Bank of Port Jervis v. Darling , 91 Hun 236 ( 1895 )


Menu:
  • DYKMAN, J.

    The plaintiff in this action presented a claim to the defendants, based upon a promissory note, of which the following is a copy:

    “$2,900. Port Jervis, New York, Jan. 2,1894.
    “Thirty days after date, I promise to pay to the order of Bank of Port Jervis twenty-nine hundred dollars at the bank of Port Jervis. Value received. William O. Gould.”

    Before the note was delivered to the plaintiff, it was indorsed by the defendants’ testator, Jeremiah Darling, for the purpose of giving the maker credit with the bank. Darling died on the 18th day of January, 1894, and letters testamentary were issued to the defendants, as his executors, on the 12th day of February, 1894. The nóte fell due on the 5th day of February, 1894, and was protested for nonpayment on that day, of which the maker was duly notified. The notices of protest were made by the notary who protested the note,—one to J. Darling, and one to the estate of J. Darling. Both notices were inclosed in an envelope, and directed to the estate of J. Darling, Stony Brook, L. I., his place of residence before he died. The president of the bank had knowledge of the death of the indorser, but failed, upon inquiry, to ascertain whether he left any will or had any personal representative. The notices of protest were not received by the defendants. On the 15th day of February, 1894, the cashier of the bank called upon Charles T. Darling, one of the executors; and, after ascertaining that he was one of the executors, left with him a notice of the protest of the note. When the note became due, the maker, Gould, had a general deposit balance in the bank of $123.78; and on February 14, 1894, he deposited $302.40, without any special direction as to the application thereof. On the 15th day of February, 1894, the bank applied both of these sums to the payment of notes indorsed or made by Gould, which fell due after February 14, 1894, and checks of Gould were given therefor. The claim w7as rejected by the executors, and referred to a referee for a determination, under the statute. The referee decided in favor of the plaintiff, but deducted the sum of $123.78 from the claim, and directed judgment-for $2,776.22, with interest. Costs were denied to the plaintiff by the court, and the plaintiff has appealed from that order, and also *155from so much of the judgment as fails to allow the plaintiff $123.78, applied by it to payment of other paper of Gould. The defendants have appealed from the judgment.

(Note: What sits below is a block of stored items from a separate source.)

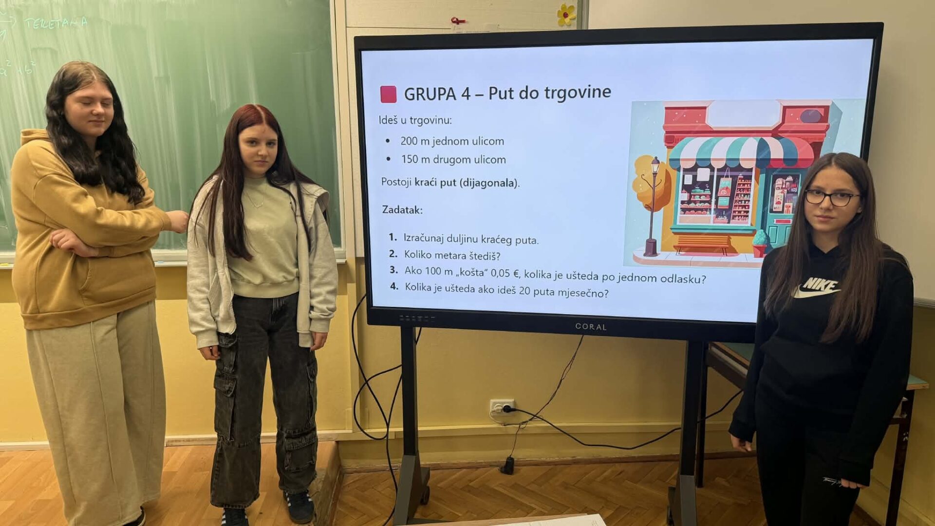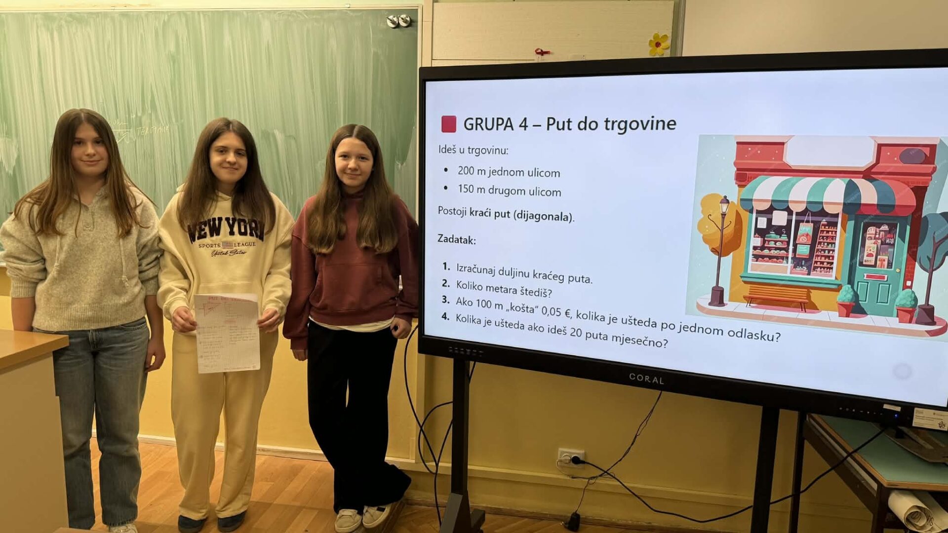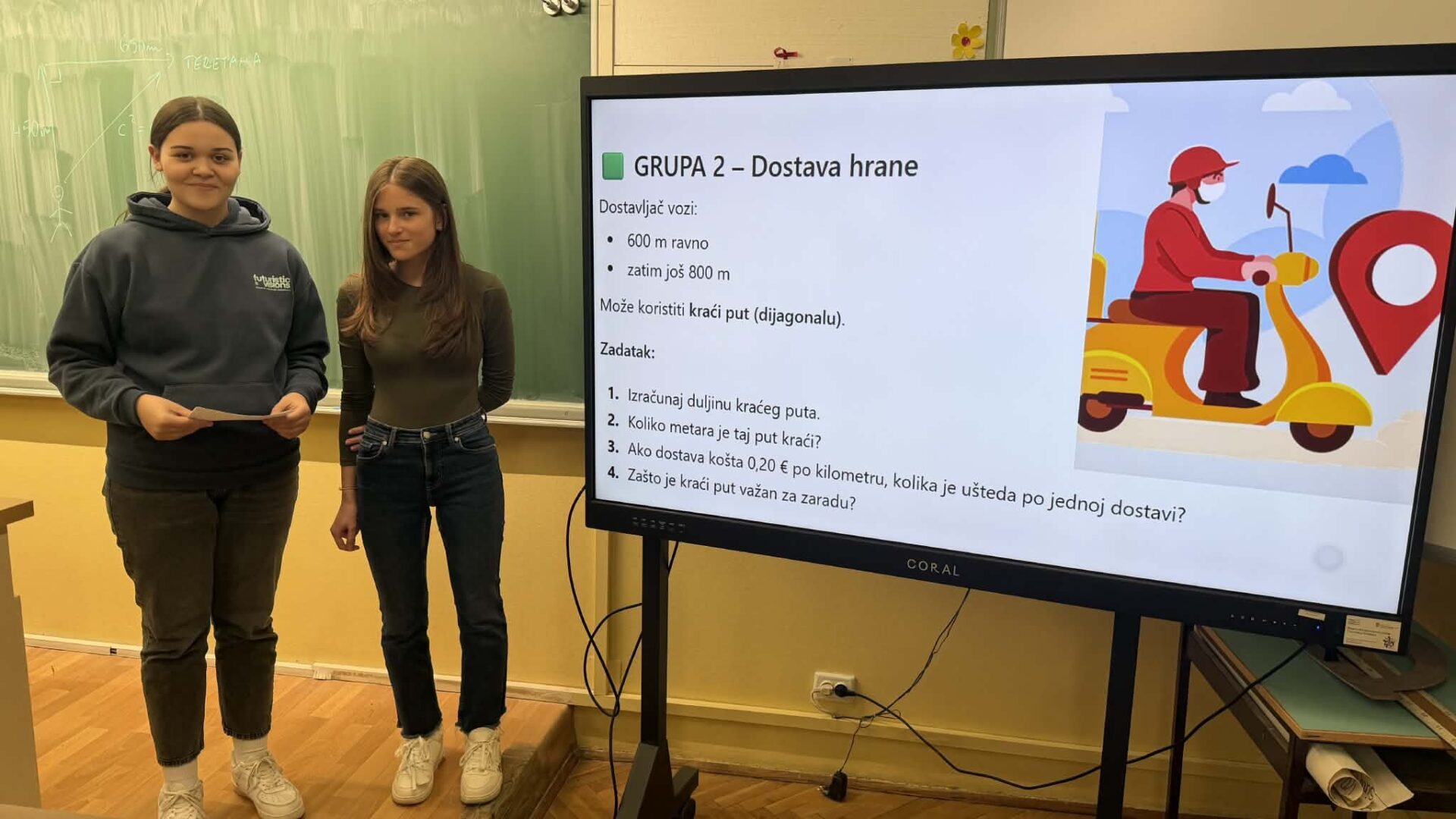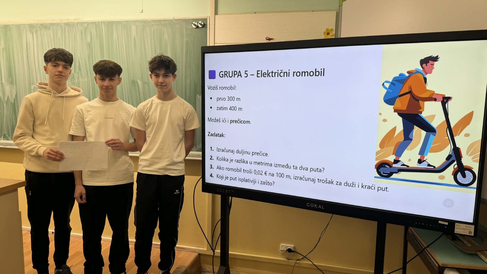 U radu u skupinama učenici su primjenjivali Pitagorin poučak na problemskim zadatcima iz stvarnih životnih situacija, poput odabira kraćeg puta i procjene troškova kretanja. Na taj su način razvijali razumijevanje kako matematičko znanje doprinosi donošenju odgovornih i racionalnih financijskih odluka. Radionica je provedena u okviru redovne nastave Matematike, a završni dio uključivao je prezentacije učenika koji su predstavili svoja rješenja i zaključke. Aktivnost je bila usmjerena na razvoj financijske pismenosti, logičkog zaključivanja i povezivanja nastavnih sadržaja sa svakodnevnim životom.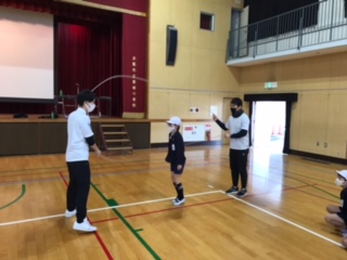 今年度のトップアスリート授業は、ダブルダッチパフォーマンスチームのFat man crewのメンバーの方をゲストティーチャーにお迎えし、授業を行いました。一見難しいと思われる技でも分かりやすく教えていただき、上手に縄を回してもらえたことで楽しく子どもたちは活動することができました。また休み時間にも挑戦できたらいいですね。今日はありがとうございました!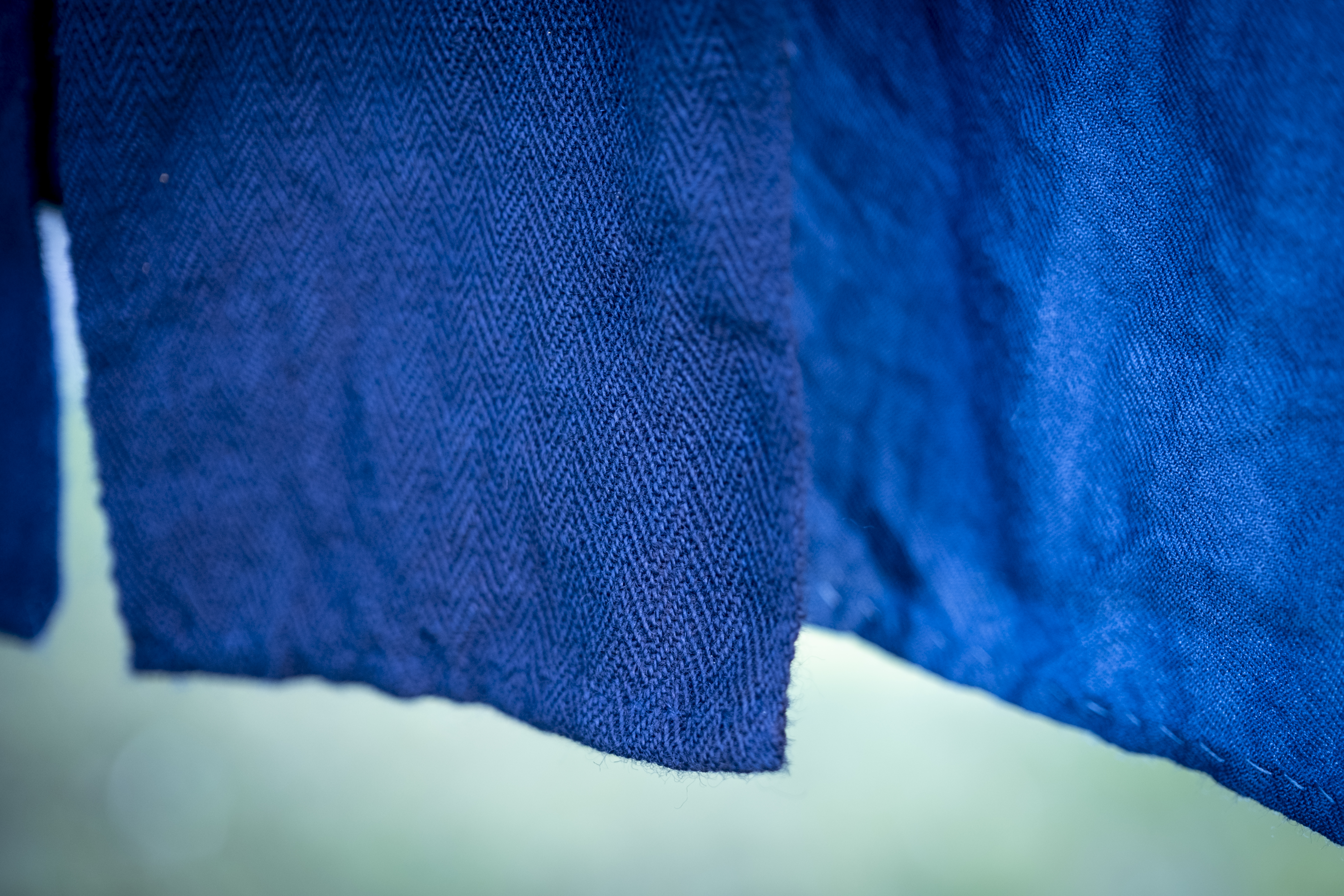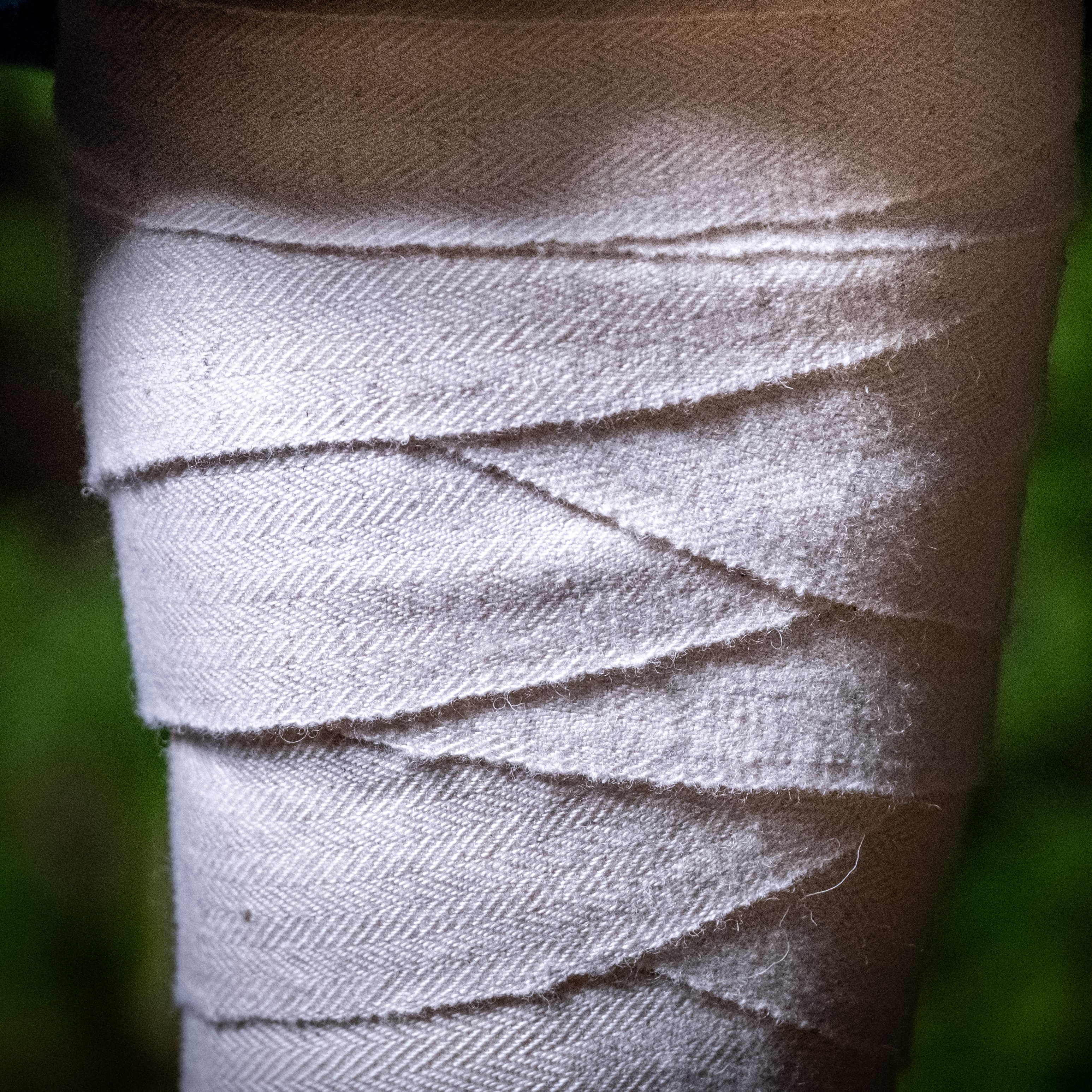 In Hedeby, archaeologists have found about five fabric fragments that have been interpreted as legwraps and Inga Hägg writes in “Textilfunde aus dem Hafen von Haithabu” that all the wool fragments are woven in herringbone twill. They are not sewn but woven as long wraps, about 10 cm wide. The weave is very dense and sturdy, that is, not very stretchy. With the help of Amica Sundström, I wove 8 meters of leg wraps based on the archaeological fragments. The weave is very thread-tight with 24 threads per cm in the warp and the legwraps became 11 cm wide. Then I plantdyed them blue with an extra strong vejde.

    The first question presented by the defendants has reference to the corporate existence and capacity of the plaintiff, the contention being that the bank has ceased to exist. The facts upon which this contention is based are these: In the year 1889 all acts requisite and essential to the organization of a state bank were done by it, except the filing in the Suffolk county clerk’s office, within the year, of an affidavit of the payment of the capital stock, as required by the statute. Such an affidavit was filed with the bank superintendent on the 18th day of July, 1889; and thereupon the bank commenced business, and has continued to do the usual business of banking, such as receiving deposits of money, discounting notes and bills, and making collections. The bank had many transactions with both Gould and Darling besides the one involved in this case. It was a de facto corporation, and neither the defendants nor any other persons who have contracted obligations with it can be permitted to attack any defect in its organization to affect its capacity to sue thereon. Such objections are only available on behalf of the sovereign power of the state, and cannot be raised by private persons to avoid a just liability. McFarlan v. Insurance Co., 4 Denio, 392; Ang. & A. Corp. § 80; Bill v. Turnpike Co., 14 Johns. 416. The filing of the affidavit in the office of the county clerk of Suffolk county is not made a prerequisite to the assumption and exercise of corporate powers. The statute itself contemplates such exercise for a whole year before such filing is required. The defendants cannot therefore escape liability upon that ground.

    The next question has reference to the peculiar form of the note. It is made payable to the bank, and, upon the face of the paper itself, the presumption would arise that Darling intended only to assume the liability of a second indorser. For the purpose of overcoming that presumption, the plaintiff proved, and the referee found, that, before the delivery of the note to the bank, the testator of the defendants indorsed the same for the purpose of giving credit to the maker, Gould, with the bank, and that thereafter the bank discounted the note. The defendants’ testator, therefore, became liable to the bank as indorser of the note.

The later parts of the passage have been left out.